Emerging growth company ☐
If an emerging growth company, indicate by check mark if the registrant has elected not to use the extended transition period for complying with any new or revised financial accounting standards provided pursuant to Section 13(a) of the Exchange Act. ☐
Section 1 | Registrant’s Business and Operations |
Item 1.01. | Entry into a Material Definitive Agreement. |
On April 1, 2024, Tampa Electric Company (“Tampa Electric”) amended and restated its $800 million bank credit facility, entering into an Eighth Amended and Restated Credit Agreement (the “Revolving Credit Agreement”) with Wells Fargo Bank, National Association, as Administrative Agent, Wells Fargo Securities, LLC, JPMorgan Chase Bank, N.A., MUFG Bank Ltd., Canada Branch, The Bank of Nova Scotia, Morgan Stanley Senior Lending, Inc. and Royal Bank of Canada, as Joint Lead Arrangers and Joint Bookrunners, JPMorgan Chase Bank, N.A. as Syndication Agent, MUFG Bank, Ltd., Canada Branch, The Bank of Nova Scotia, Morgan Stanley Senior Lending, Inc. and Royal Bank of Canada as Documentation Agents, and the following lenders: Wells Fargo Bank, National Association, JPMorgan Chase Bank, N.A., Royal Bank of Canada, MUFG Bank, Ltd., Canada Branch, The Bank of Nova Scotia, Morgan Stanley Bank, N.A., Truist Bank, Bank of America N.A., Canadian Imperial Bank of Commerce, New York Branch, Bank of Montreal, and The Toronto-Dominion Bank, New York Branch (the “Lenders”).

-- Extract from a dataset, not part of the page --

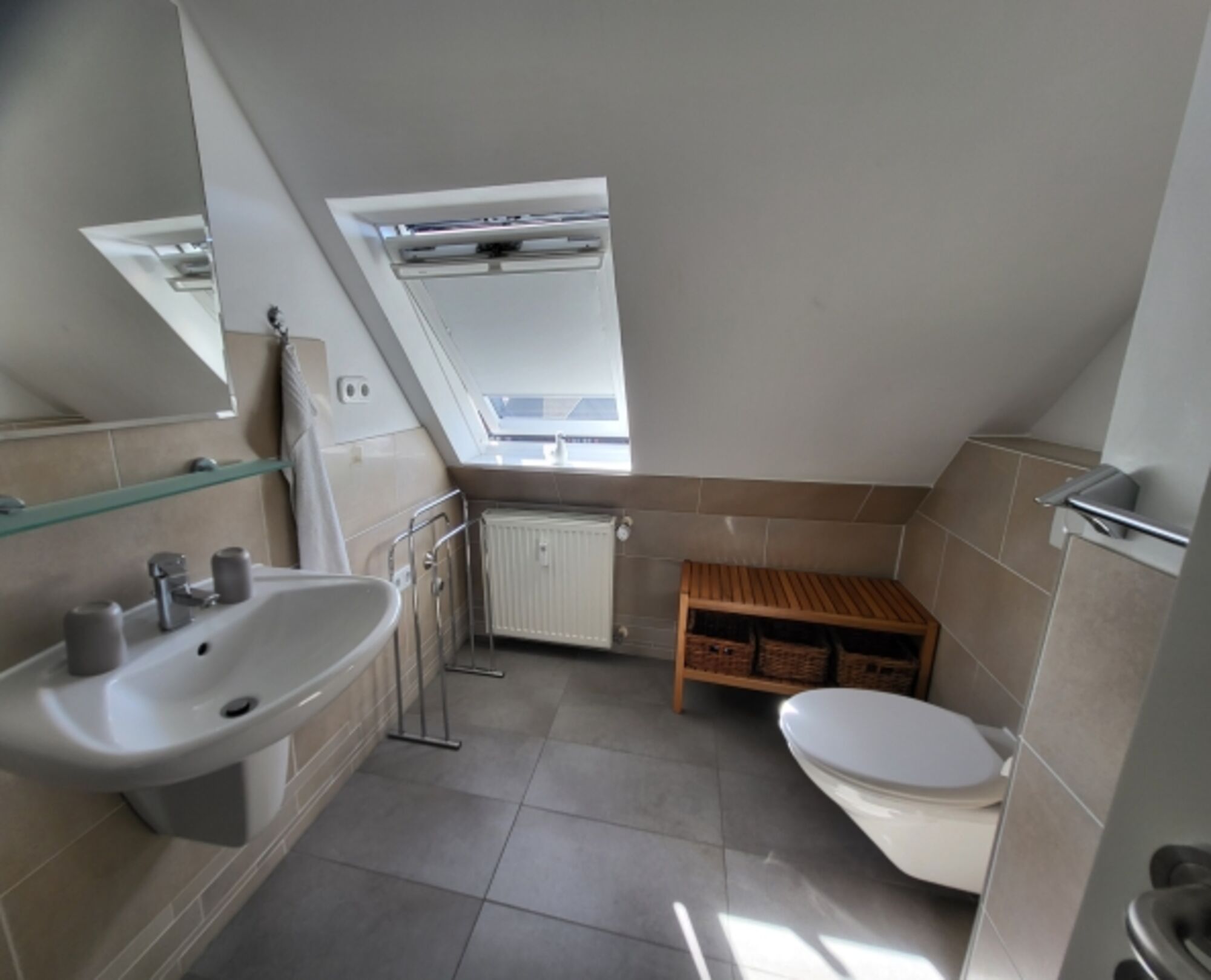 Waschbecken, Regendusche, Spiegel, Fenster im Bad
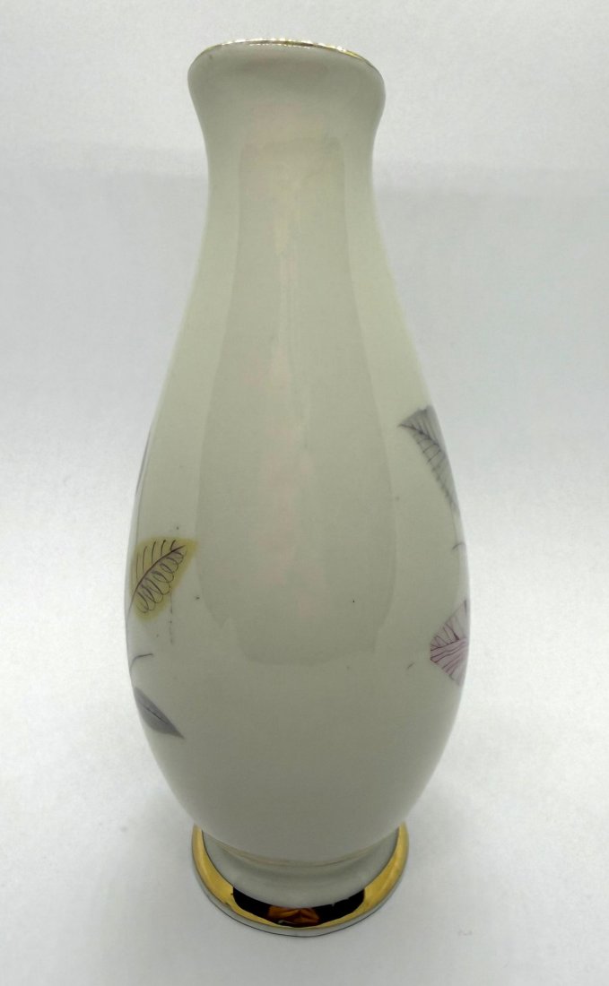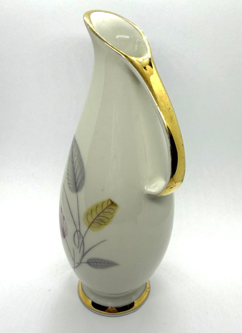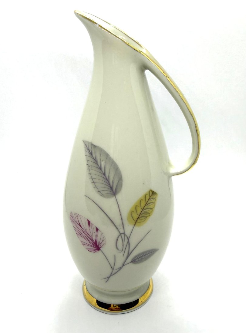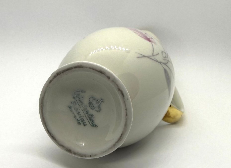 Model pochodzi z okresu ok. 1960–1980, kiedy fabryka tworzyła porcelanę o nowoczesnych, minimalistycznych formach i delikatnych zdobieniach inspirowanych naturą (sygnowany od spodu).

The Revolving Credit Agreement contains customary representations and warranties, events of default, and financial and other covenants; extends the maturity date of the existing credit facility from December 17, 2026 to December 1, 2028; and provides for interest to accrue at variable rates based on the secured overnight financing rate administered by the Federal Reserve Bank of New York, plus a margin, or, as an alternative to such interest rate, at an interest rate equal to a margin plus the highest of the prime rate of Wells Fargo Bank, National Association, the federal funds rate plus 0.50%, or the one-month secured overnight financing rate plus 1.00%.
The foregoing description of the Revolving Credit Agreement is qualified in its entirety by reference to the complete text of the Revolving Credit Agreement, which is filed as Exhibit 10.1 to this Report and incorporated herein by reference.
The Lenders are lenders under other credit facilities of Tampa Electric and its affiliates, and affiliates of the Lenders have in the past provided, and in the future may provide, investment banking, underwriting, lending, commercial banking and other advisory services to Tampa Electric and its affiliates.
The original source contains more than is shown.